>>>

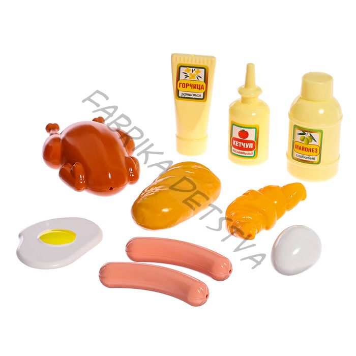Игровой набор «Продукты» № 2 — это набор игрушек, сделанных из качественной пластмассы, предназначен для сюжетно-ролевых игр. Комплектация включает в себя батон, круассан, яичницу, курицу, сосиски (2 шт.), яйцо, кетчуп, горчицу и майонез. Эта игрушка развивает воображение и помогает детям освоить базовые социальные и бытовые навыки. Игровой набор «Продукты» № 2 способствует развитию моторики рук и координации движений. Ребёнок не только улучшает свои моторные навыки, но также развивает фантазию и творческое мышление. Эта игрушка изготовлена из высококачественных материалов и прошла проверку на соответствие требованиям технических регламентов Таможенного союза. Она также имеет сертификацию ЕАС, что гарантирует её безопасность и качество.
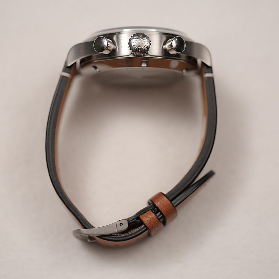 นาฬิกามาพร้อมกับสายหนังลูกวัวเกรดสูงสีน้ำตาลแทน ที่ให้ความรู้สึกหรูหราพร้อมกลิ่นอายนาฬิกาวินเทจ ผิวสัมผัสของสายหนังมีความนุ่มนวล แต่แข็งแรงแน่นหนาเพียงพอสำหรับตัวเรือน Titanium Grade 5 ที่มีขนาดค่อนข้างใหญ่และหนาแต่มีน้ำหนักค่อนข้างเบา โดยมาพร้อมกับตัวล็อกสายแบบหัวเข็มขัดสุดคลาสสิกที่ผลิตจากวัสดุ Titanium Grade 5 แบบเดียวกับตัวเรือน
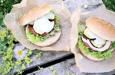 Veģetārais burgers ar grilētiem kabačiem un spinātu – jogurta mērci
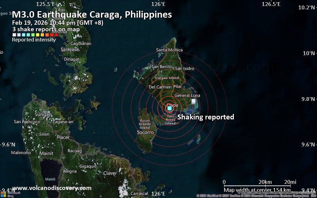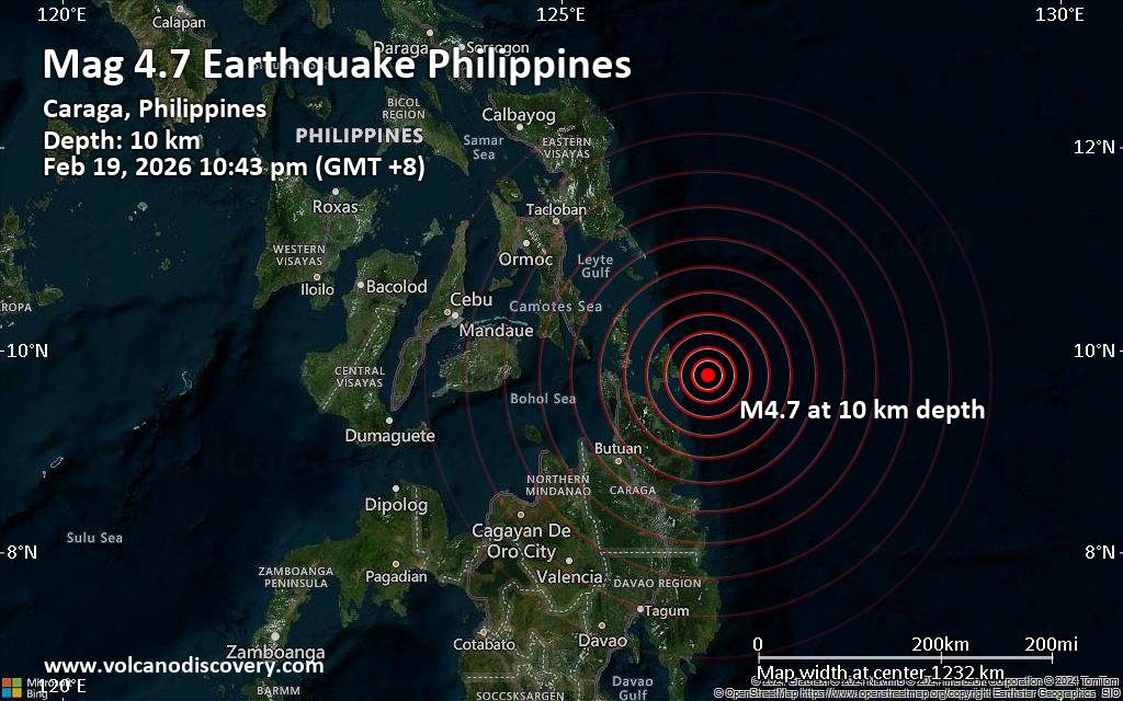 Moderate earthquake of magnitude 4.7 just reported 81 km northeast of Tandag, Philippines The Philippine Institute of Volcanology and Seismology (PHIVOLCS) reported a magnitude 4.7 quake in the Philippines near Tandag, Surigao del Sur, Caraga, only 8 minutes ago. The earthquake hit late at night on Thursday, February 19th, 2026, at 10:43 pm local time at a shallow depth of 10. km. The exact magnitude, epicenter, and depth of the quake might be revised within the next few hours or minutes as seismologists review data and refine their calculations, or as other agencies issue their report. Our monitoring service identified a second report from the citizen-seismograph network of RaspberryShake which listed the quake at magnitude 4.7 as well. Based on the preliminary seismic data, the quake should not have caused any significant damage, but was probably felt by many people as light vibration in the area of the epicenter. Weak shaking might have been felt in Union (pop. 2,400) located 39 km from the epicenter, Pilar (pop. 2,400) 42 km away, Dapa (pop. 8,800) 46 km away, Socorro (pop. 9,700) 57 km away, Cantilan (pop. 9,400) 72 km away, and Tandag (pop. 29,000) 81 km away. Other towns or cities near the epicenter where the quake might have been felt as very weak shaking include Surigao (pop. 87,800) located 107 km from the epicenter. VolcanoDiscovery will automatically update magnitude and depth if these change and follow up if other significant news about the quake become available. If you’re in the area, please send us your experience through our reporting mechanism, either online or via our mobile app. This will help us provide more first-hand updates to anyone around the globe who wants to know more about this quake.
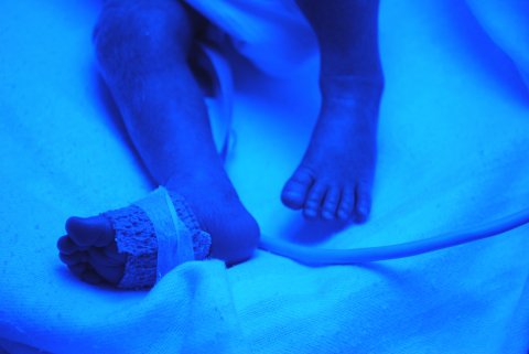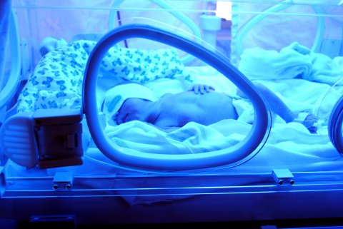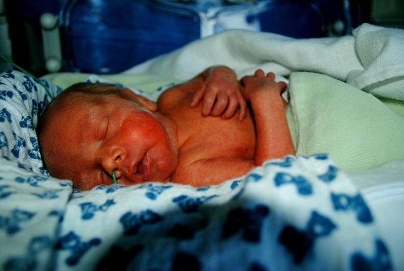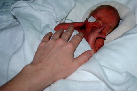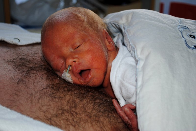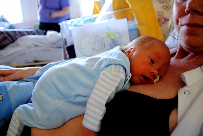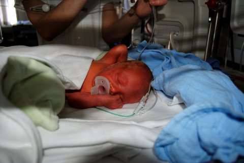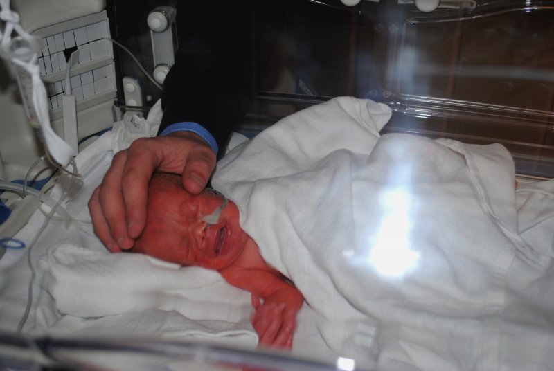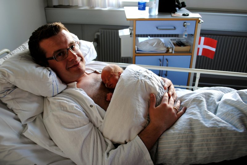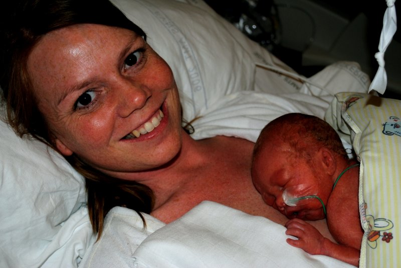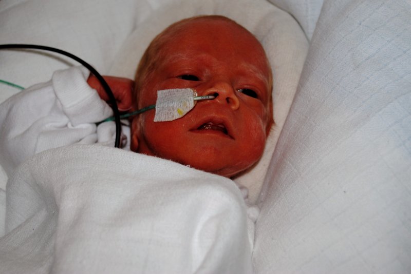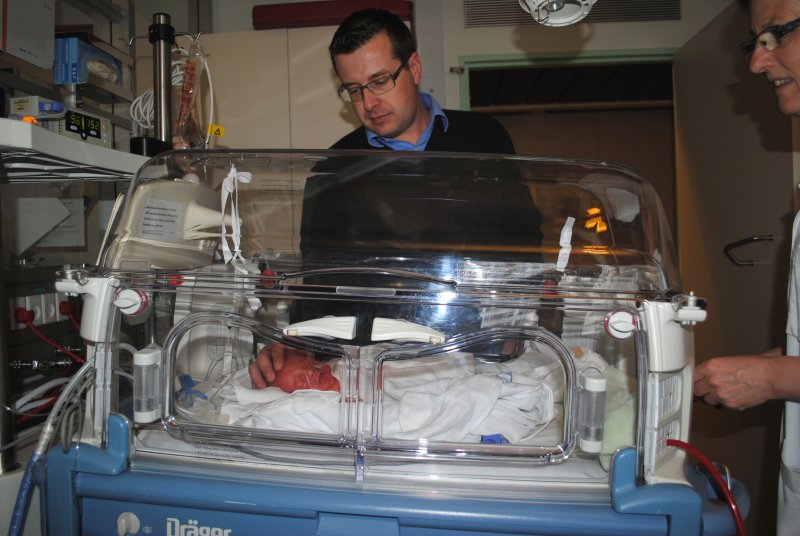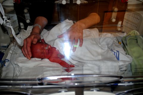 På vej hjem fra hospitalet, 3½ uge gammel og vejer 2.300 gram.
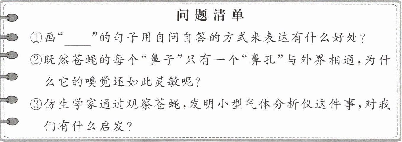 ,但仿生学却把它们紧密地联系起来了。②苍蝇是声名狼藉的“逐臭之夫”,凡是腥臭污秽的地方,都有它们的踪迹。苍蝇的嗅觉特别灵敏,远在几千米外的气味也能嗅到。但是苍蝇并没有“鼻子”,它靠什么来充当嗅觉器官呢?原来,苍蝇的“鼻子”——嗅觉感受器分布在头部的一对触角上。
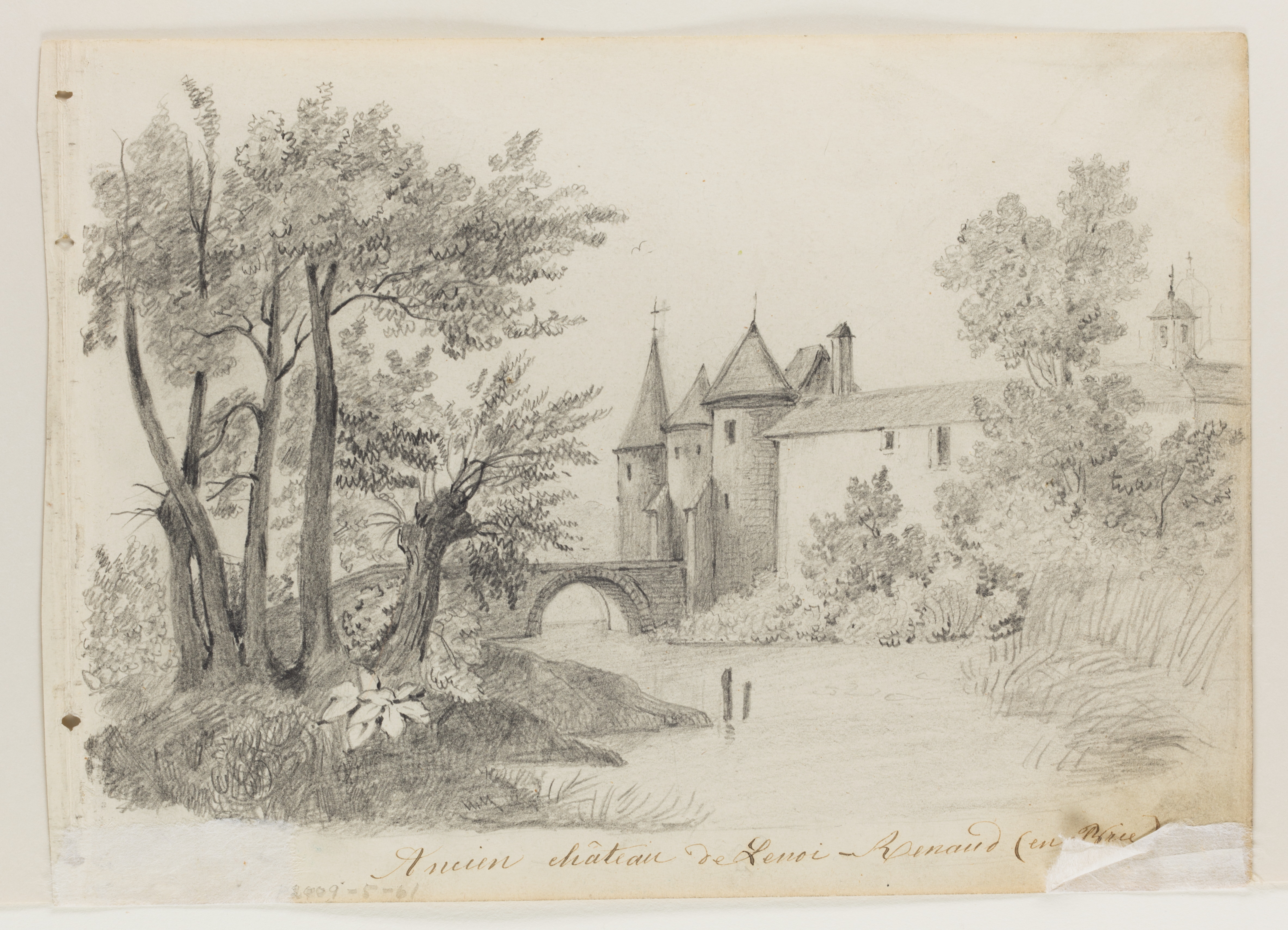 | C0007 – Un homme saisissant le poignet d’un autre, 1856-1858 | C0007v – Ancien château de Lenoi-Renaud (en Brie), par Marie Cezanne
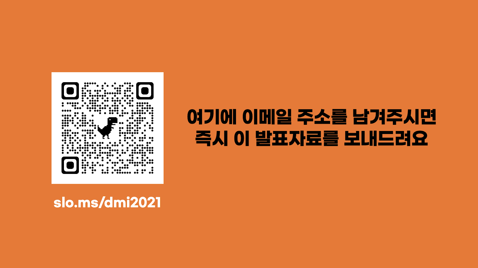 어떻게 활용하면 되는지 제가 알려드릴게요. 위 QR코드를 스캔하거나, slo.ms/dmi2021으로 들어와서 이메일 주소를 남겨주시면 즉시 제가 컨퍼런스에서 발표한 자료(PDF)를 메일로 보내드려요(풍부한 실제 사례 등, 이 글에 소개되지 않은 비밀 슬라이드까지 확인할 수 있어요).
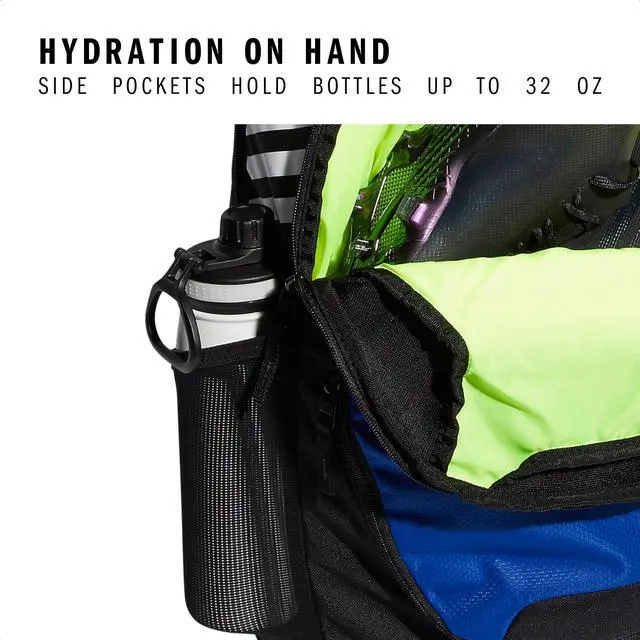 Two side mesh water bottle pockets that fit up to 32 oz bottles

<<<

# Exercise
Reproduce the data above line for line, excluding every picture.

# Task answer
Игровой набор «Продукты» № 2 — это набор игрушек, сделанных из качественной пластмассы, предназначен для сюжетно-ролевых игр. Комплектация включает в себя батон, круассан, яичницу, курицу, сосиски (2 шт.), яйцо, кетчуп, горчицу и майонез. Эта игрушка развивает воображение и помогает детям освоить базовые социальные и бытовые навыки. Игровой набор «Продукты» № 2 способствует развитию моторики рук и координации движений. Ребёнок не только улучшает свои моторные навыки, но также развивает фантазию и творческое мышление. Эта игрушка изготовлена из высококачественных материалов и прошла проверку на соответствие требованиям технических регламентов Таможенного союза. Она также имеет сертификацию ЕАС, что гарантирует её безопасность и качество.
 นาฬิกามาพร้อมกับสายหนังลูกวัวเกรดสูงสีน้ำตาลแทน ที่ให้ความรู้สึกหรูหราพร้อมกลิ่นอายนาฬิกาวินเทจ ผิวสัมผัสของสายหนังมีความนุ่มนวล แต่แข็งแรงแน่นหนาเพียงพอสำหรับตัวเรือน Titanium Grade 5 ที่มีขนาดค่อนข้างใหญ่และหนาแต่มีน้ำหนักค่อนข้างเบา โดยมาพร้อมกับตัวล็อกสายแบบหัวเข็มขัดสุดคลาสสิกที่ผลิตจากวัสดุ Titanium Grade 5 แบบเดียวกับตัวเรือน
 Veģetārais burgers ar grilētiem kabačiem un spinātu – jogurta mērci
 Moderate earthquake of magnitude 4.7 just reported 81 km northeast of Tandag, Philippines The Philippine Institute of Volcanology and Seismology (PHIVOLCS) reported a magnitude 4.7 quake in the Philippines near Tandag, Surigao del Sur, Caraga, only 8 minutes ago. The earthquake hit late at night on Thursday, February 19th, 2026, at 10:43 pm local time at a shallow depth of 10. km. The exact magnitude, epicenter, and depth of the quake might be revised within the next few hours or minutes as seismologists review data and refine their calculations, or as other agencies issue their report. Our monitoring service identified a second report from the citizen-seismograph network of RaspberryShake which listed the quake at magnitude 4.7 as well. Based on the preliminary seismic data, the quake should not have caused any significant damage, but was probably felt by many people as light vibration in the area of the epicenter. Weak shaking might have been felt in Union (pop. 2,400) located 39 km from the epicenter, Pilar (pop. 2,400) 42 km away, Dapa (pop. 8,800) 46 km away, Socorro (pop. 9,700) 57 km away, Cantilan (pop. 9,400) 72 km away, and Tandag (pop. 29,000) 81 km away. Other towns or cities near the epicenter where the quake might have been felt as very weak shaking include Surigao (pop. 87,800) located 107 km from the epicenter. VolcanoDiscovery will automatically update magnitude and depth if these change and follow up if other significant news about the quake become available. If you’re in the area, please send us your experience through our reporting mechanism, either online or via our mobile app. This will help us provide more first-hand updates to anyone around the globe who wants to know more about this quake.
 På vej hjem fra hospitalet, 3½ uge gammel og vejer 2.300 gram.
 ,但仿生学却把它们紧密地联系起来了。②苍蝇是声名狼藉的“逐臭之夫”,凡是腥臭污秽的地方,都有它们的踪迹。苍蝇的嗅觉特别灵敏,远在几千米外的气味也能嗅到。但是苍蝇并没有“鼻子”,它靠什么来充当嗅觉器官呢?原来,苍蝇的“鼻子”——嗅觉感受器分布在头部的一对触角上。
 | C0007 – Un homme saisissant le poignet d’un autre, 1856-1858 | C0007v – Ancien château de Lenoi-Renaud (en Brie), par Marie Cezanne
 어떻게 활용하면 되는지 제가 알려드릴게요. 위 QR코드를 스캔하거나, slo.ms/dmi2021으로 들어와서 이메일 주소를 남겨주시면 즉시 제가 컨퍼런스에서 발표한 자료(PDF)를 메일로 보내드려요(풍부한 실제 사례 등, 이 글에 소개되지 않은 비밀 슬라이드까지 확인할 수 있어요).
 Two side mesh water bottle pockets that fit up to 32 oz bottles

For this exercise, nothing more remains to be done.